La lucha se volvió enfurecida, salvaje, cruel, desigual, pero la guerra es voluntad, y la voluntad y la fe la tenían los guripas, que aun a sabiendas de su certera muerte, no cedían ni un palmo de terreno ante las hordas que los copaban.
La tarde fue larga, y el frío implacable. Pero el infierno blanco se fundía con las gotas de sangre ardiente que derramaban los guripas.
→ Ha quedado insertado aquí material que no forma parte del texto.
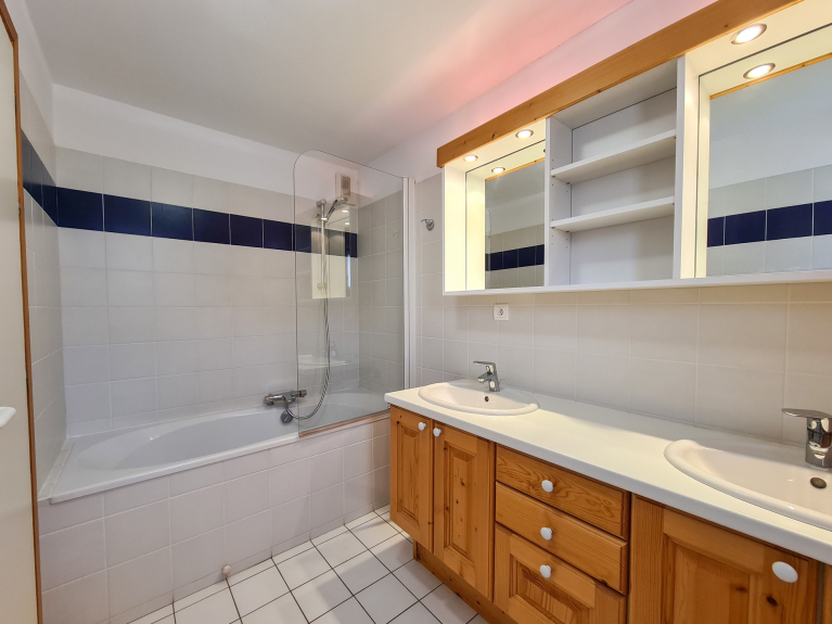 - Salle de bain avec baignoire et douche (2 lavabos)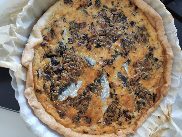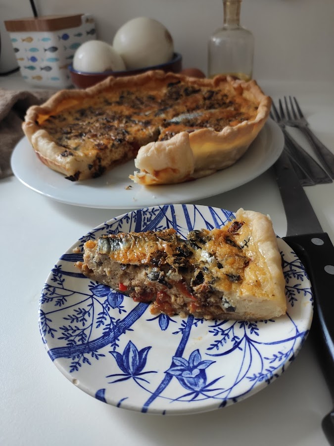 En un bol mezclamos los 4 huevos con la nata (crema de leche). Añadimos sal y pimienta. Ponemos el pimiento y la cebolla pochados en la tarta que tenemos reservada. Añadimos el picadillo de aceitunas, cubrimos con la mezcla de huevos y nata (crema de leche) y, finalmente, colocamos los filetes de sardina con la piel hacia arriba.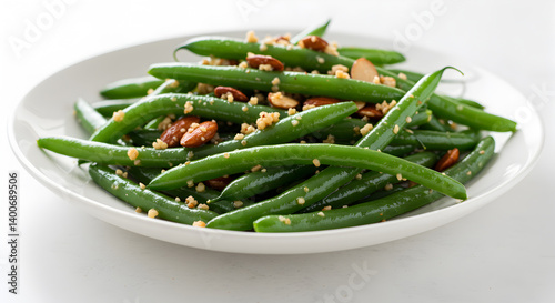Green Bean Almondine on Plate Freshly Cooked Ready To Eat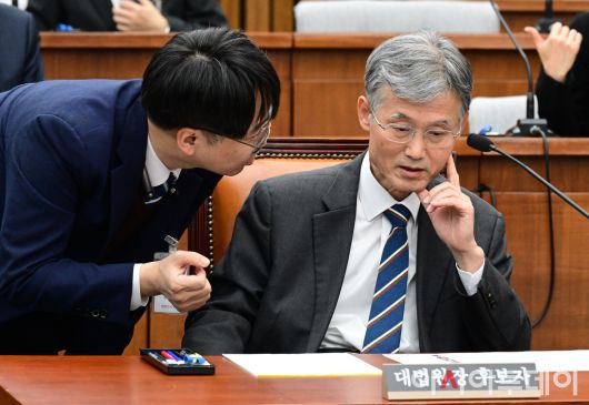 아시아투데이 이병화 기자 = 조희대 대법원장 후보자가 6일 국회에서 열린 인사청문회에서 관계자와 대화를 나누고 있다.
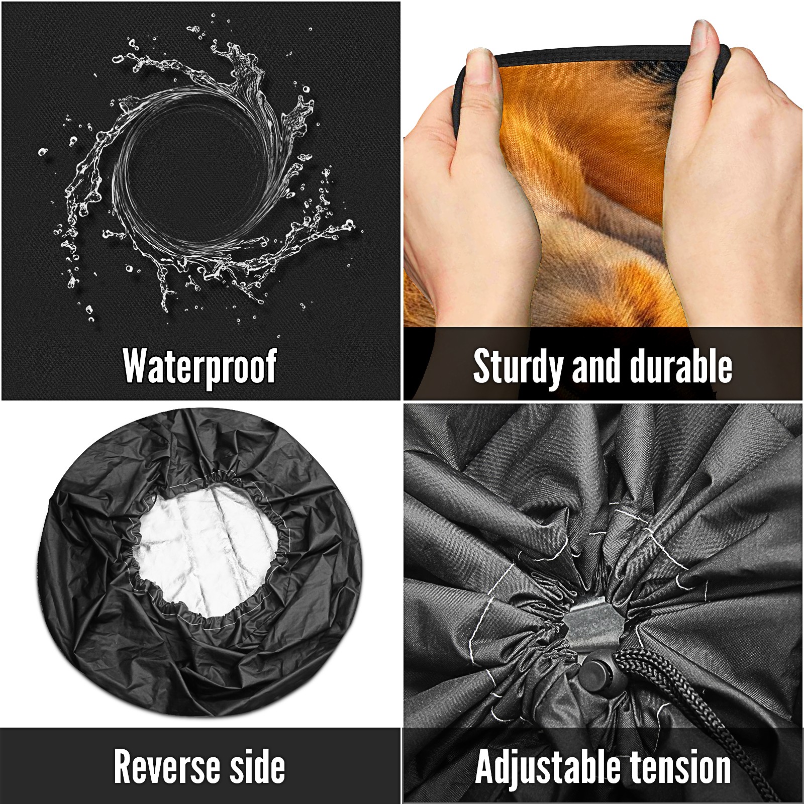 <p>Spare Tire Cover Size</p> <p>Size 14" fits for tire diameter 23"-27"(60~69cm)</p> <p>Size 15" fits for tire diameter 28"-29"(70~74cm)</p> <p>Size 16" fits for tire diameter 30"-31"(75~79cm)</p> <p>Size 17" fits for tire diameter 32"-33"(80~84cm)</p> <p><br></p> <p>- Premium Material: Our spare tire cover is made of high-quality polyester fabric, ensuring durability and waterproof performance. Protect your spare tires from rain, wind, dust, UV rays, and other harsh weather conditions.</p> <p>- Multifunctional Use: Our trailer spare tire cover is suitable for trailers, RVs, SUVs, campers, trucks, and other vehicles. Keep your spare tires clean, prevent corrosion, and prolong their lifespan.</p> <p>- Easy to Use: Our tire covers for trailers can be effortlessly fitted and securely fastened with the adjustable nylon cord, preventing it from slipping off. </p> <p>- Reliable After-Sales Service: We stand behind the quality of our product. If you encounter any issues with our spare tire cover, please feel free to contact us. We will provide a satisfacto</p>

Cuando Sánchez pudo zafarse del ruso que le cayó encima, buscó con la vista, sus ojos buscaban ya bultos, meras presencias, buscaba el calor del miedo, pero ya no había nadie. Ya no había rusos, habían sido expulsados. Ya sólo quedaba él, un divisionario que cuchillo en mano, con una herida en el hombro, y un tajo feo en la pierna, fue encontrado por el Teniente Otero de Arce que no sin similares percances, pudo contactar con ese pelotón perdido que tanta falta hacía encontrar.
Y encontró al pelotón…lo encontró como mejor podía haberlo encontrado, cumpliendo con su deber, y dejando en el campo de batalla la huella de aquellos desarrapados guripas, que habían cruzado el infierno, que se habían dejado la vida, las manos, los pies, pero habían sujetado el alma con tantas fuerzas, que solo se les había escapado, cuando y como ellos decidieron.